723 | VANISHING BILE DUCT SYNDROME IN HODGKIN’S LYMPHOMA: A CASE SERIES FROM HOSPITALS IN THE COMMUNITY OF MADRID

A. Garcia Noblejas, A. López García, A. Lario Arribas, A. De Laiglesia Lorenzo, P. Fernández-Caldas González, and F. J. Peñalver Párraga equally contributing author.

Introduction: VBDS is a disorder that leads to severe liver failure due to the progressive destruction of intrahepatic bile ducts. It should be suspected in cases of cholestasis without other causes of hepatitis. Liver biopsy being the diagnostic gold standard. Few cases of VBDS have been reported as a paraneoplastic manifestation of Hodgkin lymphoma (HL), with immune mechanisms likely playing a role. The prognosis of HL with VBDS is poor, with a significant risk of progression to liver failure and death. Its treatment poses a challenge and the administration of ABVD at full doses is contraindicated due to its hepatotoxicity.

Methods: We present a multicenter, observational, and retrospective case series study performed in hospitals of the Community of Madrid (HCAM), Spain, involving patients diagnosed with HL who developed VBDS.

Results: Six cases of VBDS associated with EH were confirmed by liver biopsy at HCAM between 2000 and 2022 one of them postmortem. Two cases were excluded due to the lack of histological confirmation. Table 1 presents the clinical and laboratory characteristics at HL diagnosis, along with the management and evolution of VBDS. 50% were males, and the median age at diagnosis was 42 years (range 27–58). The histology was classical HL in all patients, and 50% presented with localized disease. At the time of HL diagnosis, imaging tests (PET-CT and CT) showed no evidence of liver involvement, and cases 1 and 3 had nearly normal liver profiles. ABVD treatment was administered in 66% of cases, with dose adjustments in 3 out of 4 patients based on liver function. ABVD treatment was the first-line therapy in 66% of cases, with dose adjustments in 3 out of 4 patients based on liver function. In 3 cases (50%), VBDS was diagnosed after the initiation of first-line treatment, with a median time of 37 days. In 2 cases, it preceded the diagnosis of HL, and in 1 case, it was diagnosed at the third relapse with a fatal outcome. The overall mortality rate in our series is 50%. The three surviving patients are in complete remission (CR), with one having more than 10 years of follow-up. Two out of three patients had localized-stage HL, which is considered a favorable prognostic factor according to the literature. Brentuximab (BV) was administered in combination with chemotherapy in two of these patients.
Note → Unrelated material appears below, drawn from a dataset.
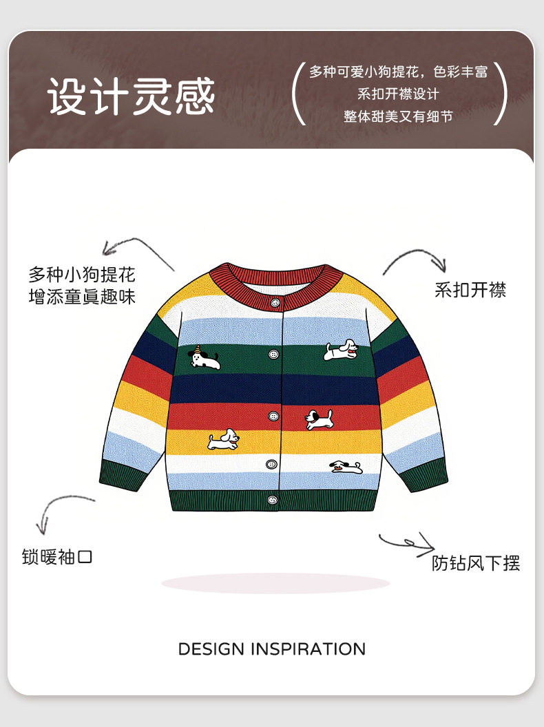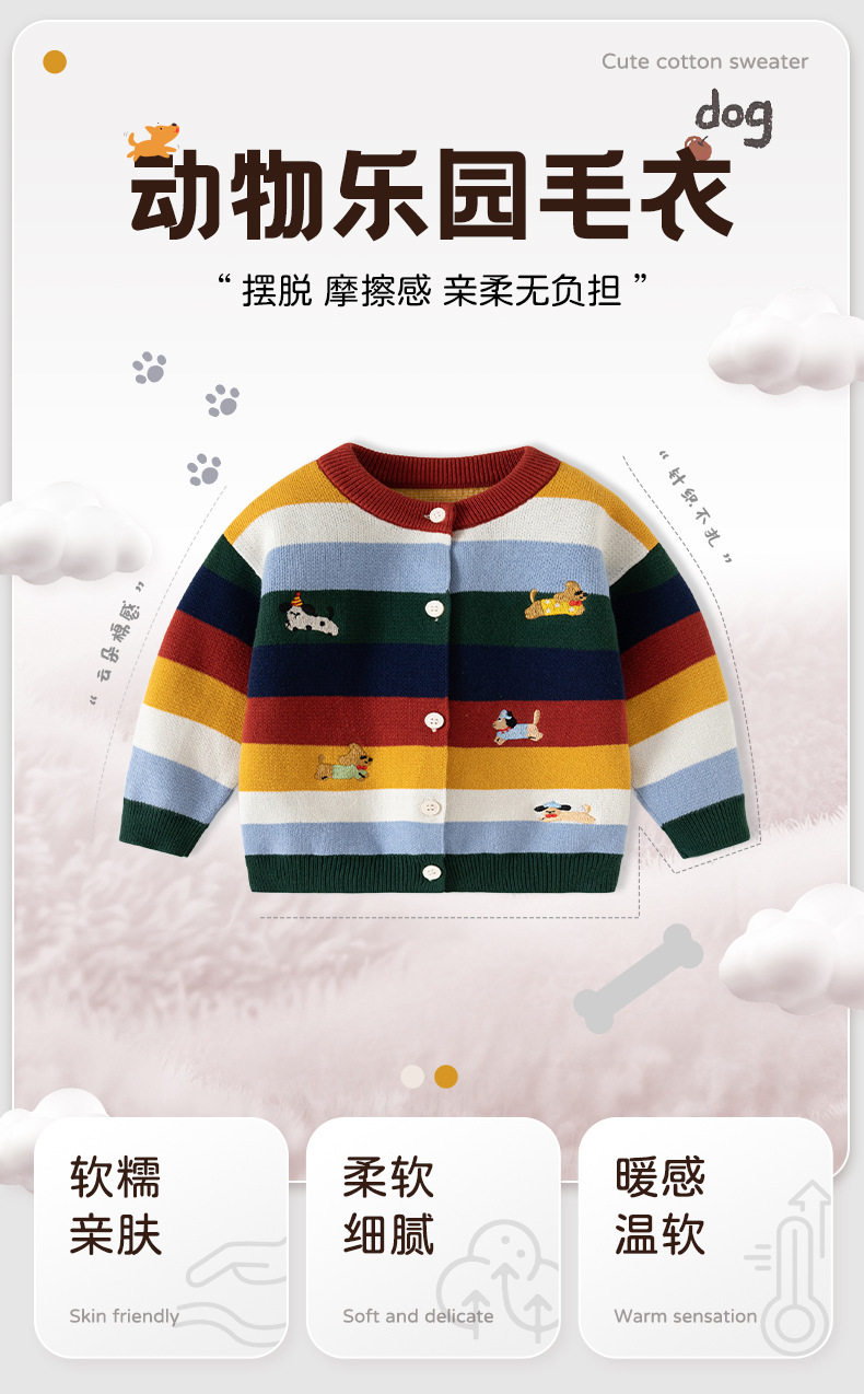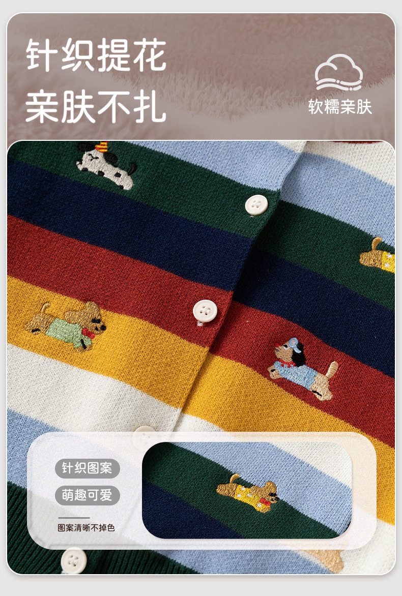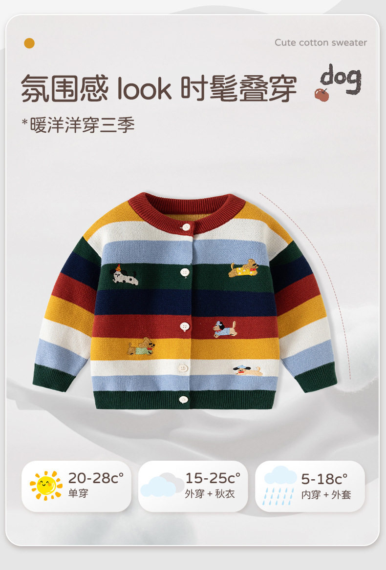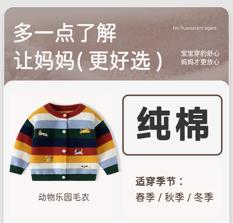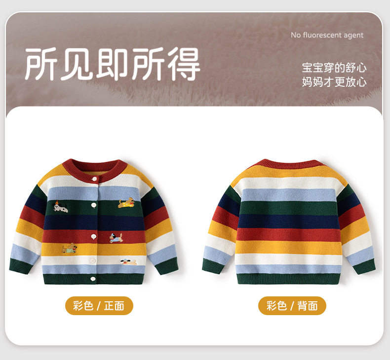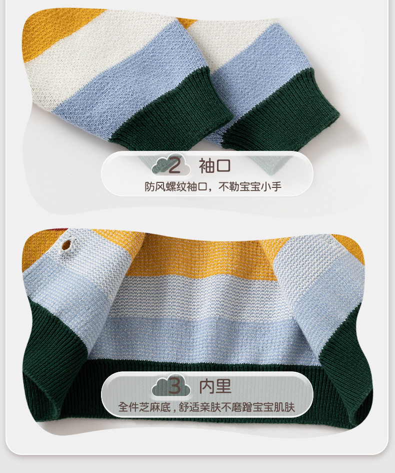 渐变拼色条纹针织婴儿毛衣开衫A类纯棉男童毛衣秋冬加厚婴儿外套

Conclusions: VBDS associated with HL is rare, but it carries a potentially poor prognosis, highlighting the importance of early suspicion and, when possible, histological diagnosis. The available literature on this topic is limited, which makes our case series potentially valuable in providing insights into the clinical presentation, management, and prognosis of this condition. Although we do not have sufficient data to establish an alternative therapeutic protocol to standard treatments, the results of our series suggest that the use of BV may be effective, showing favorable outcomes in terms of response and survival.

Keyword: Hodgkin lymphoma

No potential sources of conflict of interest.